Scruton's client acquitted of uttering threats
By Paul Russell, AdvocateDaily.com Contributor
In what could be a first for British Columbia, Kamloops criminal lawyer Lisa Mae Scruton successfully argued that her client was not guilty of uttering threats by raising the defence of self-induced intoxication.
Her 29-year-old client drank himself into severe intoxication, then threatened to kill his common-law partner, says Scruton, principal of LMS Litigation.
“Uttering threats is commonly a relatively low-level offence unless it is tied to other offences or a broader, violent fact pattern,” she tells AdvocateDaily.com. “But this was a case of him getting intoxicated on his own volition and then saying something irresponsible.”
Scruton says threat charges in Canada are categorized as either specific or general intent offences.
“Self-induced intoxication is the defence to very few charges, and can only be used in specific intent offences,” she says. “So the hard part was ensuring that the presiding judge classified uttering threats as a specific intent offence.”
How such charges are categorized varies from province to province.
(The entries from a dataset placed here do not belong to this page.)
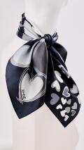 様々な大きさのハートが散りばめられた柄が印象的なスカーフでございます。
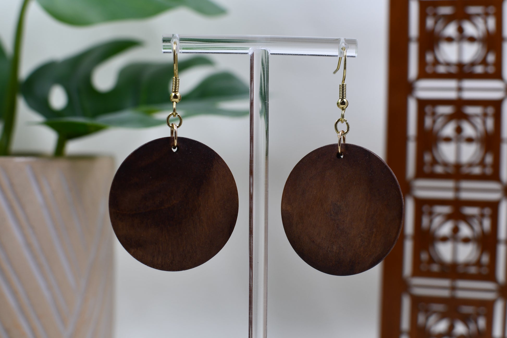These Wood Coin Dangle Earrings bring a warm, natural touch to any outfit. Crafted from smooth, lightweight wood, they sway gently with your movements, adding effortless charm. Their simple, earthy design makes them perfect for everyday wear or cozy gatherings, inviting a sense of comfort and understated style.
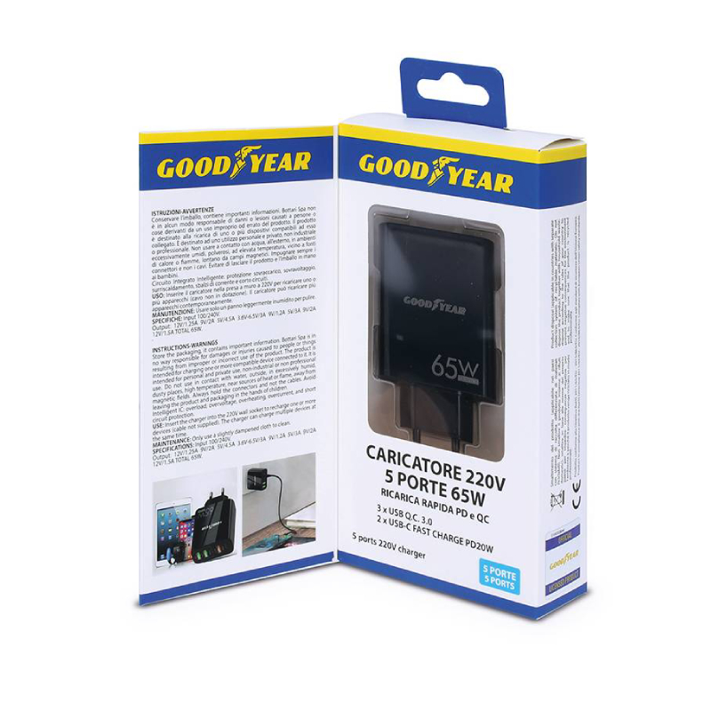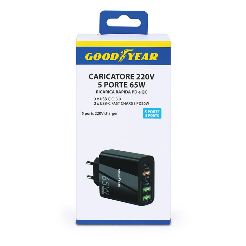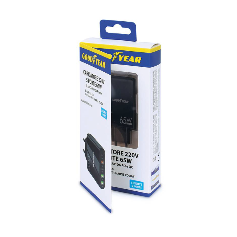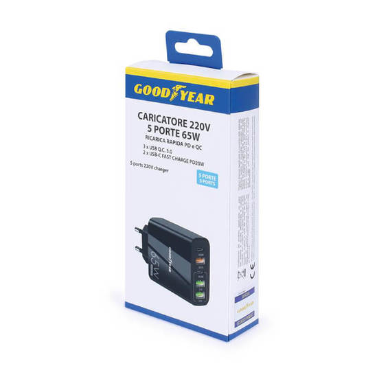 Зарядното устройство Goodyear 65 W с пет порта е перфектното решение за всеки, който има нужда да зарежда няколко електронни устройства едновременно и с висока скорост. Оборудвано с три USB 3.0 Quick Charge 3.0 порта и два USB-C Fast Charge порта, то осигурява мощност до 65 вата, което позволява бързо и ефективно зареждане на смартфони, таблети, лаптопи и други USB устройства. Компактният му дизайн го прави удобен за използване както вкъщи, така и в офиса или при пътуване, като същевременно предлага универсална съвместимост с електрически мрежи от 100 до 240 волта.
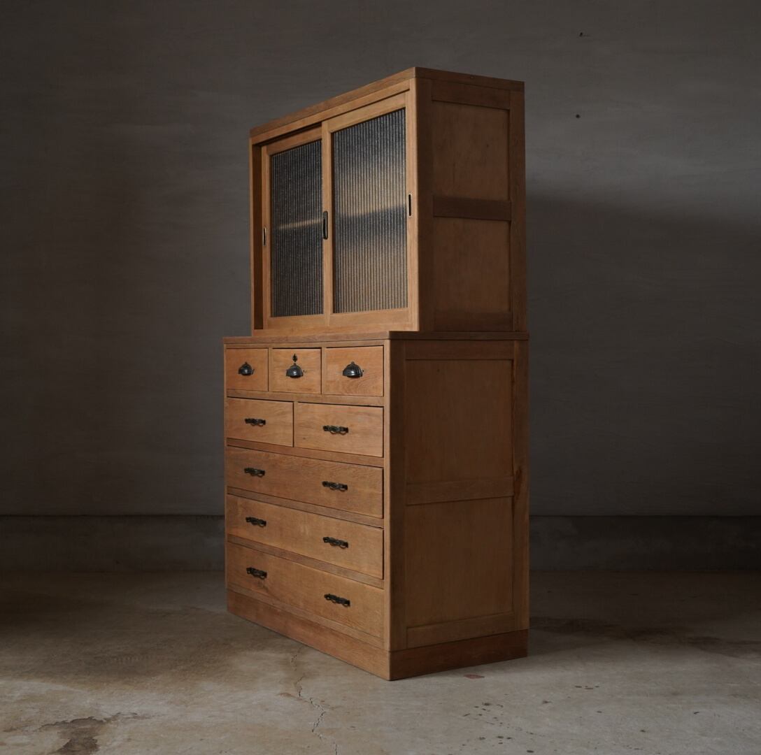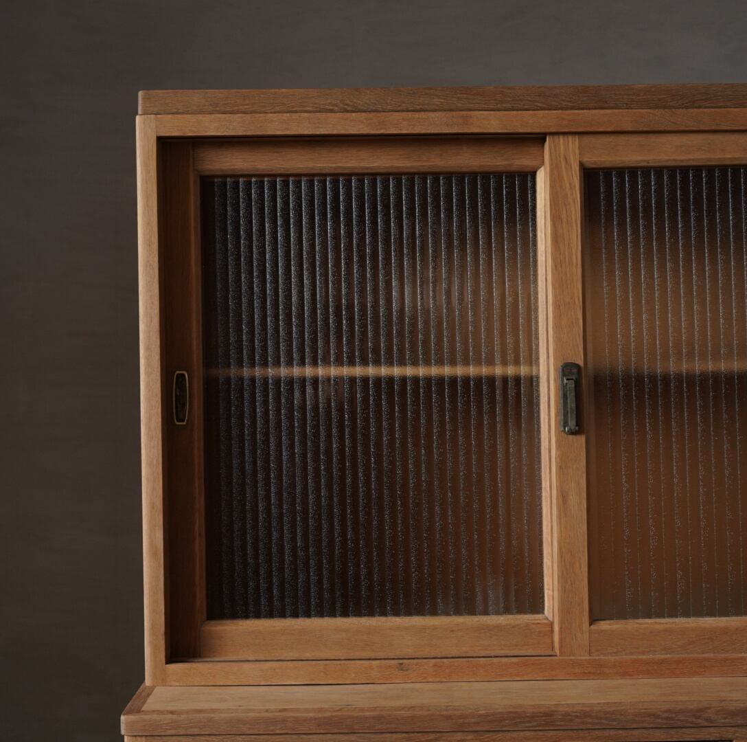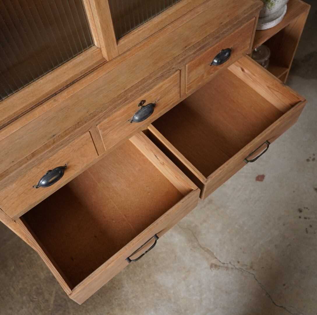 煌めくモールガラスと整然と並んだ8杯の引き出しが美しい食器棚。
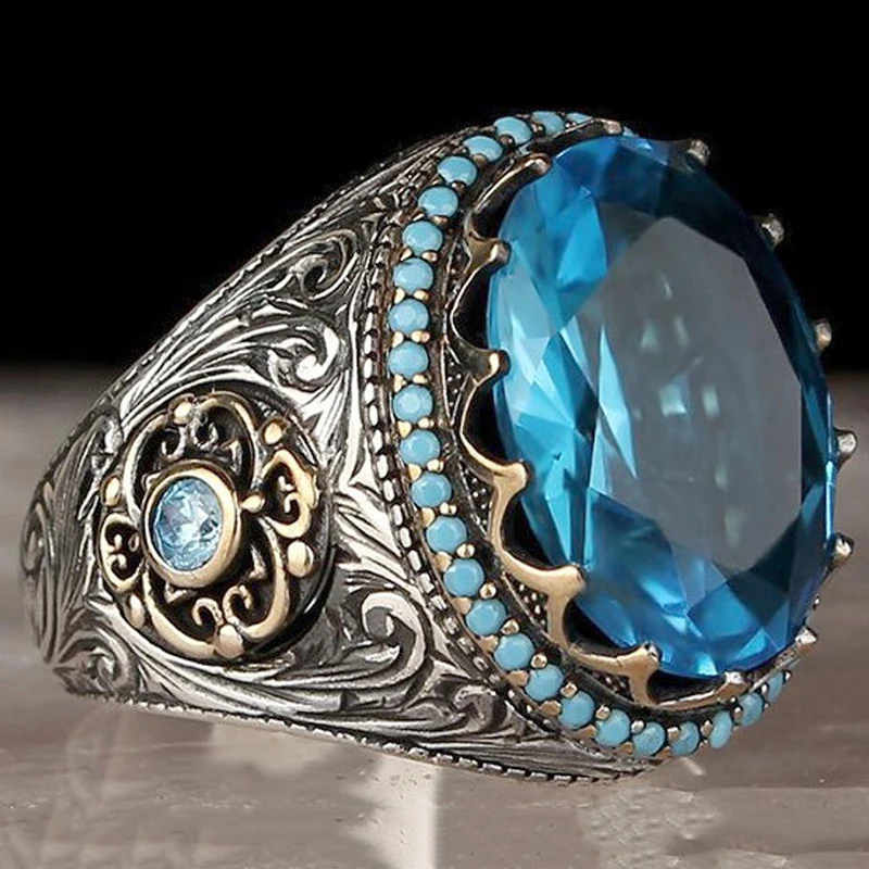 Кольцо на палец с серебряным покрытием, инкрустация крупным темно-синим кубическим цирконием, металлическое кольцо для женщин и мужчин, преувеличенный Подарок на годовщину
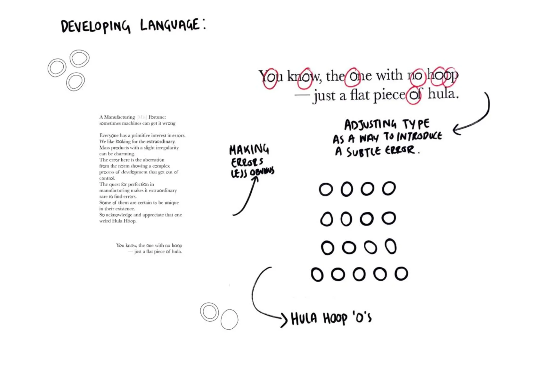 Communicating the errors within manufacturing- With a process that likes to eliminate all errors and aims for flawlessness and perfection, I want to celebrate how ‘defective’ things can occasionally appear in production and in their own way feel ‘one-off’ within a line of repetition.
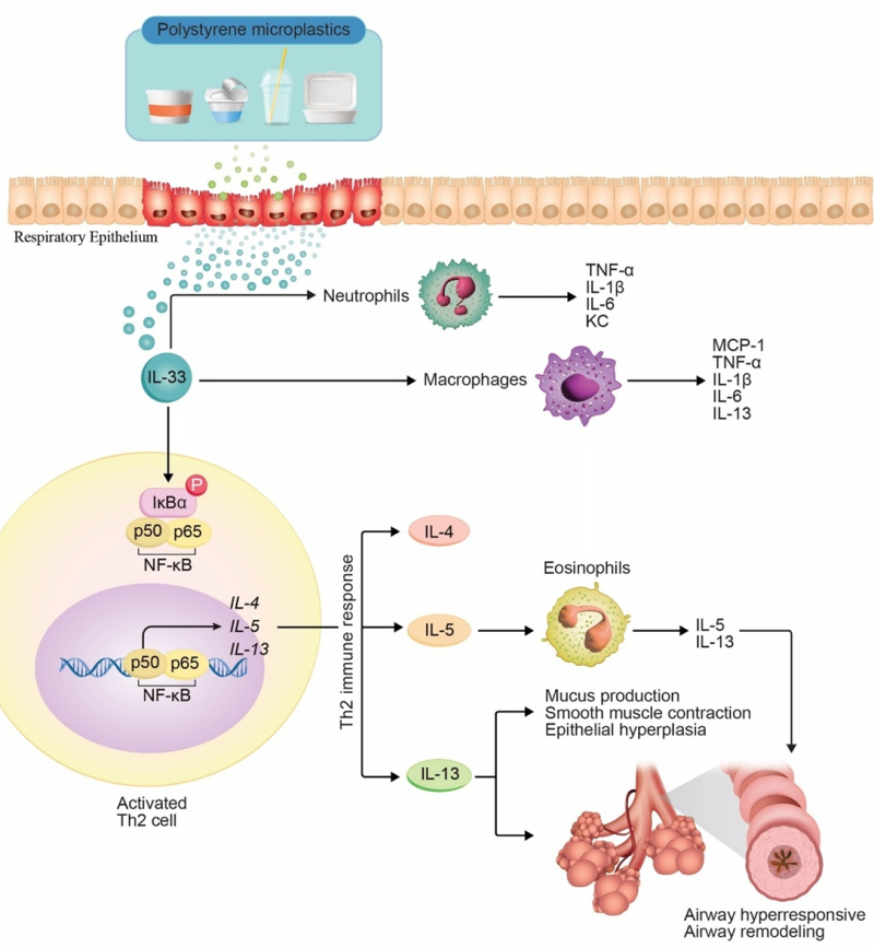 연구진은 PS 미세플라스틱에 노출된 상피가 손상되면서 IL-33 단백질이 분비되고 천식 증상과 기도 염증이 유발되는 과정을 증명했다.
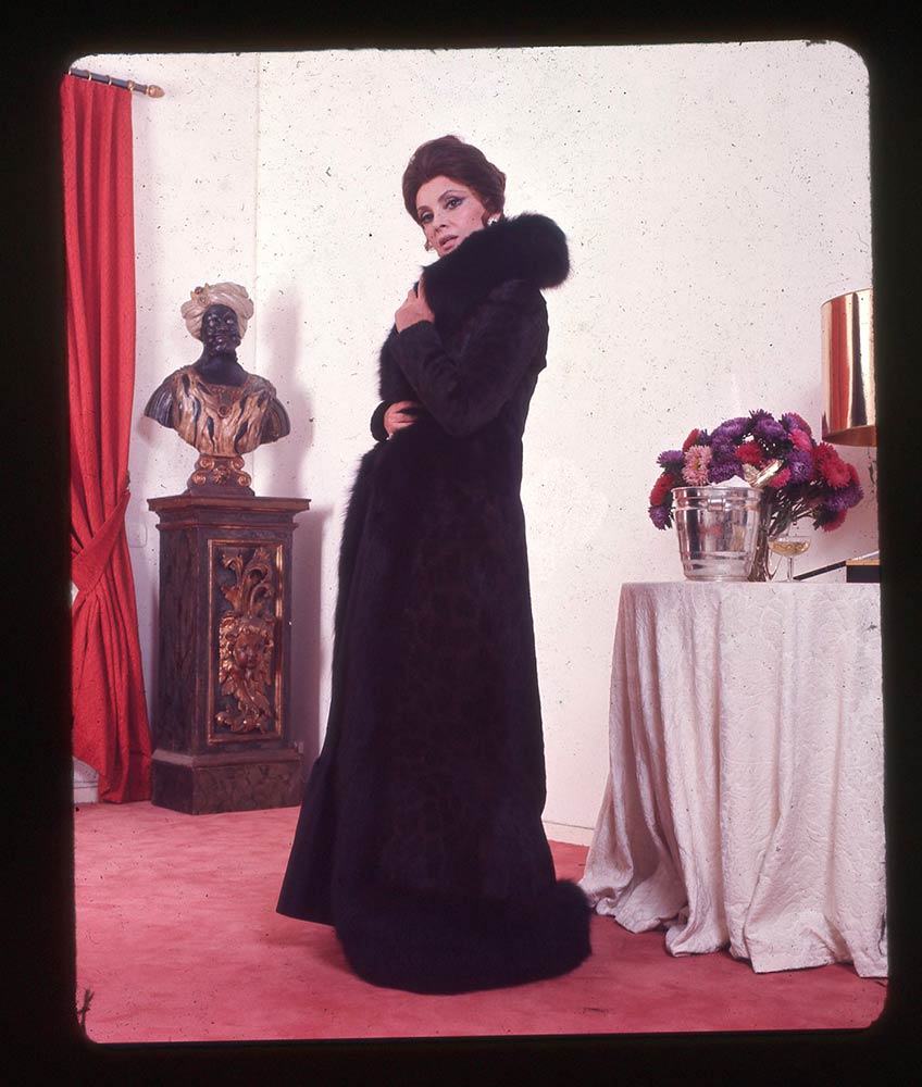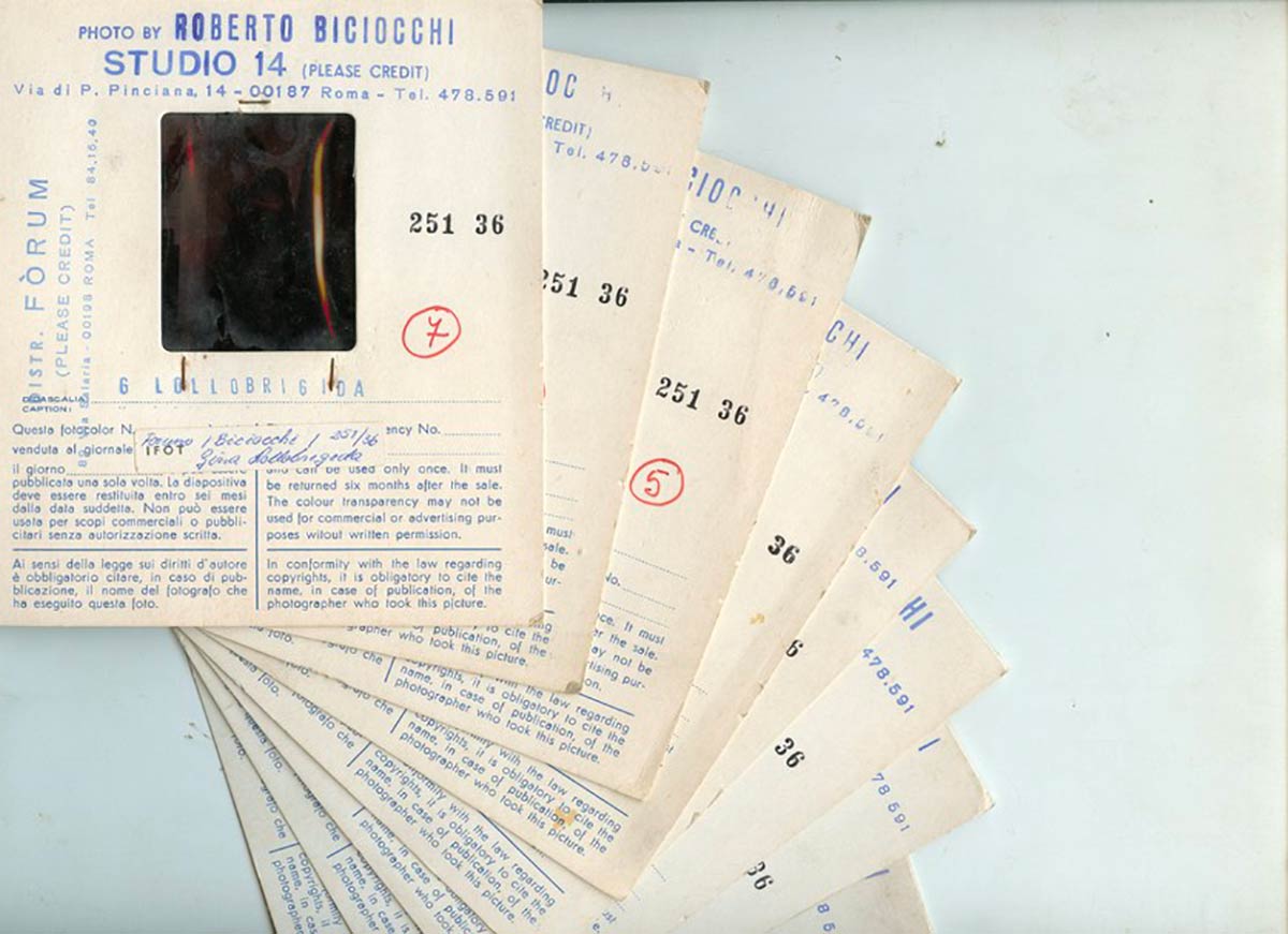 Gina Lollobrigida, lotto di dieci diapositive a colori in medio formato realizzate da Roberto Biciocchi per “Studio 14”. Astuccio originale con indicazioni d'agenzia. Nelle foto Gina Lollobrigida indossa una collezione di pellicce. Le diapositive non sono state ispezionate per non danneggiare la confezione, alcune presentano lievi incollaggi con la pellicola protettiva ma il fotogramma risulta molto buono. Scatti originali d'autore, non riproducibili. Da queste diapositive è possibile realizzare stampe di altissima definizione.

In a recent Alberta case, the judge ruled that uttering threats is a general intent offence, Scruton says. However, she found a 2010 B.C. case where the judge found that uttering threats was a specific intent offence.
“I relied on that to proffer the defence of self-induced intoxication and was able to have him found not guilty because the judge agreed he was blackout drunk at the time,” she says.
Scruton says the man had a personality change as a result of his high level of intoxication, so the judge determined that he couldn't form the mental intent necessary to have known what he was threatening to do.
“Based on the reported cases that I've been able to find, this was the first time in B.C. that this defence has been successfully put forward for uttering threats,” she says.
In other B.C. decisions where counsel had argued that uttering threats should be treated as a specific intent offence, she says judges always found something within the facts of the case that precluded the defence of self-induced intoxication from being successful.
For example, she says that if the person was capable of having a conversation, the judge ruled they were able to form mental intent.
“So, this is the first time someone has been able to piece it all together successfully, at least in the reported decisions I've been able to review,” Scruton adds.
This ruling will not be binding in other provinces unless the judgment is upheld by the Supreme Court of Canada, she says.
Before that could happen, Scruton says the verdict would first have to be appealed at the B.C. Supreme Court, and then the B.C. Court of Appeal.
“I have a suspicion that the Crown may try to appeal this decision since it basically opens the floodgates for every uttering threats case in B.C. because, more often than not, these acts occur in the context of intoxication,” Scruton says.
When people’s inhibitions are lowered by alcohol, she says they are more likely to say things that they don't mean.
“This decision could have a far-reaching impact and I hope to see it used in the future as a precedent for other defence counsel to ensure the successful acquittals of other accused persons,” Scruton says.